1. Loudoun County, Virginia
Loudoun County is the wealthiest county in the U.S. with a median household income of $125,900 and less than 4% of the population below the poverty line. The county benefits from its proximity to Washington D.C. and high-paying federal government jobs. Loudoun County is rated AAA by all three rating agencies.
- Name: Loudoun County GO Series A
- CUSIP: 54589TFW7
- Maturity: 12/01/2025
- Coupon: 5%
2. Fairfax County, Virginia
Located adjacent to Loudoun County, Fairfax County also benefits from the strong economy of the Washington D.C. area. Fairfax County had a very low unemployment rate of 2.8% in 2016.
- Name: Fairfax County VA Water Authority
- CUSIP: 303891B46
- Maturity: 4/01/2024
- Coupon: 5%
3. Howard County, Maryland
Howard County is located between Baltimore and Washington D.C. Fort Meade, home of U.S. Cyber Command, is located just 2 miles across the county line and attracts government contractors for cybersecurity and IT jobs. The county’s GDP grew 3% from 2015 to 2016.
- Name: Howard County Public Improvement Project
- CUSIP: 4425657X9
- Maturity: 2/15/2026
- Coupon: 3%
4. Douglas County, Colorado
Located south of Denver, Douglas County boasts the lowest poverty rate in the country at just 3.4%. Median home prices grew 8.3% from 2015 to 2016, which continues to drive the property tax base higher.
- Name: Douglas County School District
- CUSIP: 258885L34
- Maturity: 12/15/2025
- Coupon: 4%
5. Los Alamos County, New Mexico
Although Los Alamos County has a small population of 17,785, it has one of the highest education rates in the nation with many residents holding a Master’s degree or a PhD.
- Name: Los Alamos New Mexico Public School District
- CUSIP: 54422NFJ0
- Maturity: 8/1/2025
- Coupon: 3%
6. Williamson County, Tennessee
Williamson County, located south of Nashville, is another county that is rated AAA by Moody’s. Williamson is one of the fastest-growing counties in the nation, with an estimated 15% rate of growth from 2010 to 2015. Median home values were very high in 2015 at $390,000 indicating residents are willing to pay higher housing costs to live there.
- Name: Williamson County TN General Obligation
- CUSIP: 969872JE1
- Maturity: 4/01/2025
- Coupon: 5%
7. Arlington County, Virginia
Arlington County is located directly across the Potomac River from Washington D.C., and it is home to the Arlington National Cemetery and Pentagon. Arlington County has consistently experienced lower unemployment rates than Virginia and the national level, indicating a strong labor market.
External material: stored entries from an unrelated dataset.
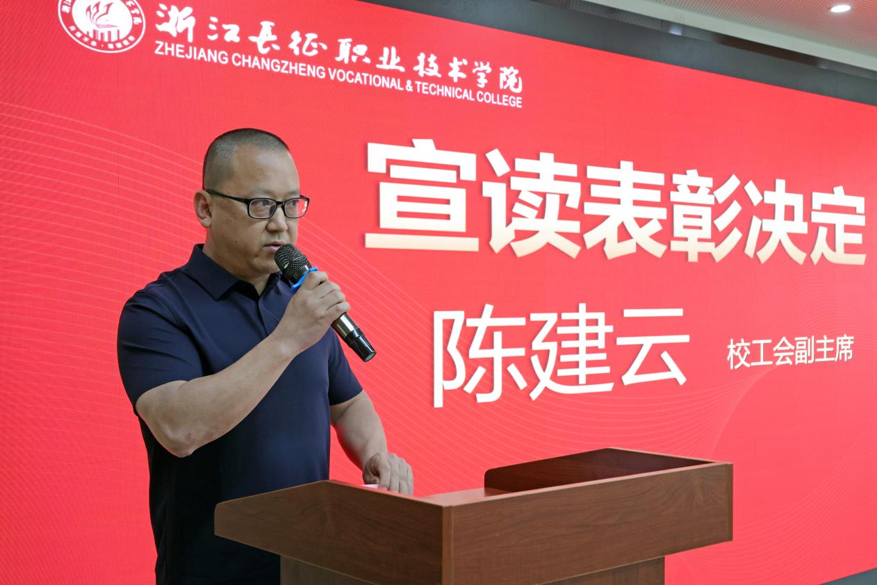 会上,校工会副主席陈建云宣读了表彰决定,并举行颁奖仪式。会议对“2026年新年教职工联欢会”优秀节目获奖单位进行了表彰,基础部分工会获“最具人气奖”,卫生与健康学院分工会、学生处团委分工会获“最具创意奖”,计算机与信息技术学院分工会、人文与管理学院分工会获“最具表现力奖”,建筑工程学院分工会、行政第二分工会获“最具活力奖”。随后,大会依次为2025年度工会先进个人、优秀工会干部和先进集体颁奖,受表彰代表依次上台领奖。
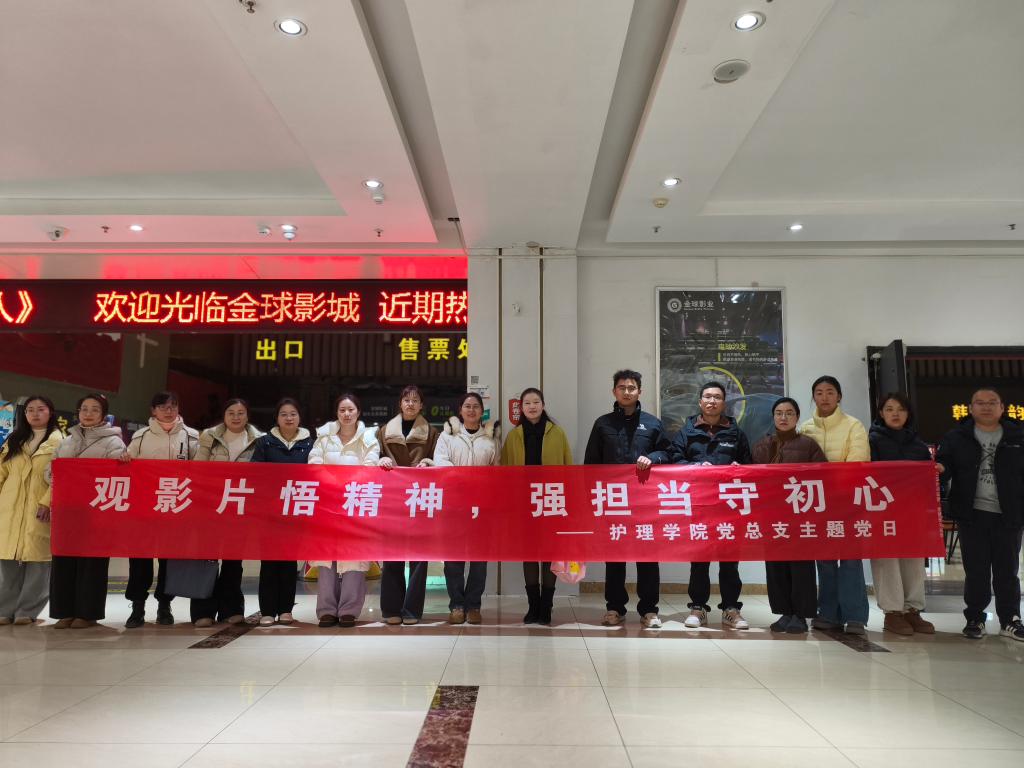为深化爱国主义教育,传承奋斗精神,2026年1月14日,护理学院党总支组织全体教职工党员开展“观影片悟精神,强担当守初心”主题党日活动,集体观看抗战题材影片《得闲谨制》。活动旨在通过影像重温历史,激励党员从英雄故事中汲取精神力量,筑牢信仰根基。
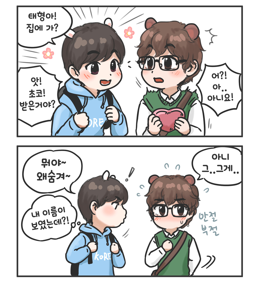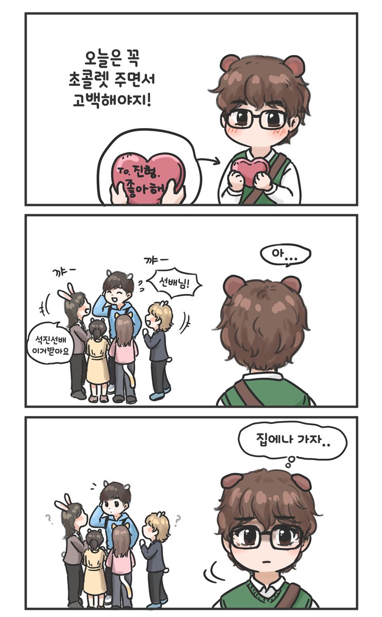 발렌타인데이 만화~~ 대학생 뷔진으로 인기많은🐹선배를 짝사랑하던🐻이 고백하려고 하다가 그만..!! #뷔진 #taejin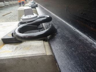 Vor dem Einbau der Kammerelemente sind die Montagelippen der Schienenfußunterlagen abzutrennen (abzureißen).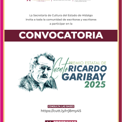 Como parte de las actividades de la XXV Feria del Libro Infantil y Juvenil Hidalgo, el gobierno del estado, a través de la Secretaría de Cultura, convoca a autoras y autores mayores de 18 años a participar en los Premios Estatales de Literatura 2025: Efrén Rebolledo, en la categoría de poesía, y Ricardo Garibay, en la categoría de cuento.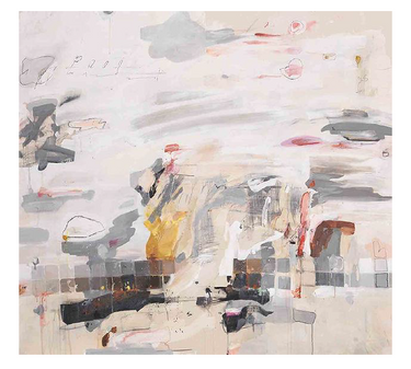 Composición abstracta con velas claras, manchas cálidas y una base cuadriculada en grises que aporta estructura dentro del gesto libre y expresivo.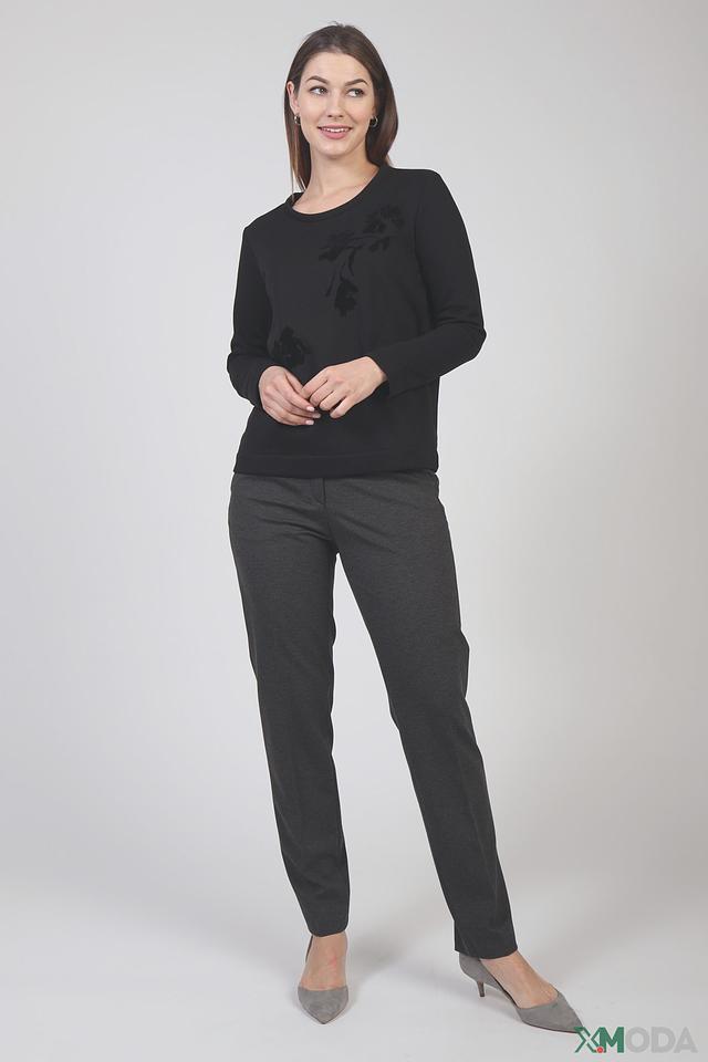 Пуловер имеет классический крой с круглым вырезом горловины и длинными рукавами. Передняя часть украшена элегантным цветочным принтом, который добавляет образу женственности и изысканности. Принт выполнен в тон основной ткани, создавая эффект лёгкой текстуры.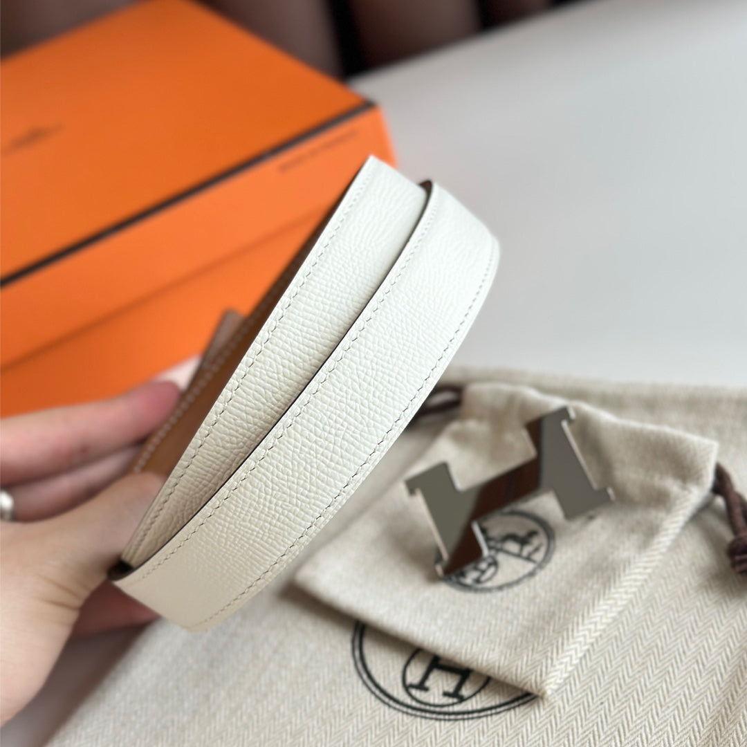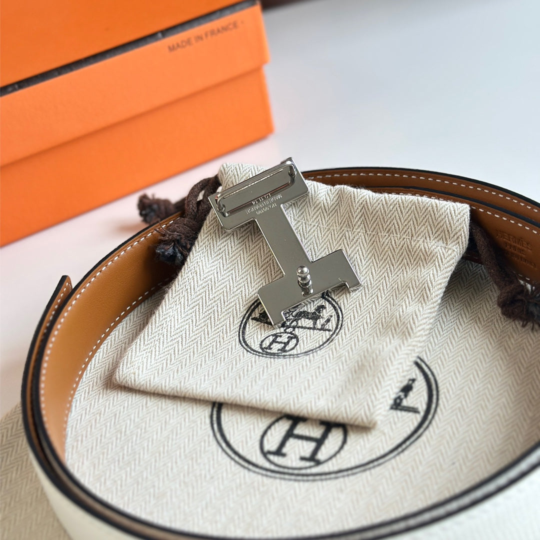 HM Silver H Buckle & Reversible 32mm Belt Beige mix Black leather 124653

- Name: Arlington County Virginia General Obligation
- CUSIP: 041431RU3
- Maturity: 8/15/2025
- Coupon: 5%
8. Santa Clara County, California
Santa Clara County is located in the heart of Silicon Valley, and as a result, many residents work at technology companies with high-paying jobs. Top employers include Google, Apple, Intel, Facebook and Oracle.
- Name: Santa Clara County General Obligation
- CUSIP: 801546NF5
- Maturity: 8/1/2024
- Coupon: 5%
9. Morris County, New Jersey
Morris County is located just west of New York City, and it’s one of the wealthiest counties in the country with a median household income of $101,754. The GO bonds are backed by the full faith and credit of the county and ad valorem property taxes.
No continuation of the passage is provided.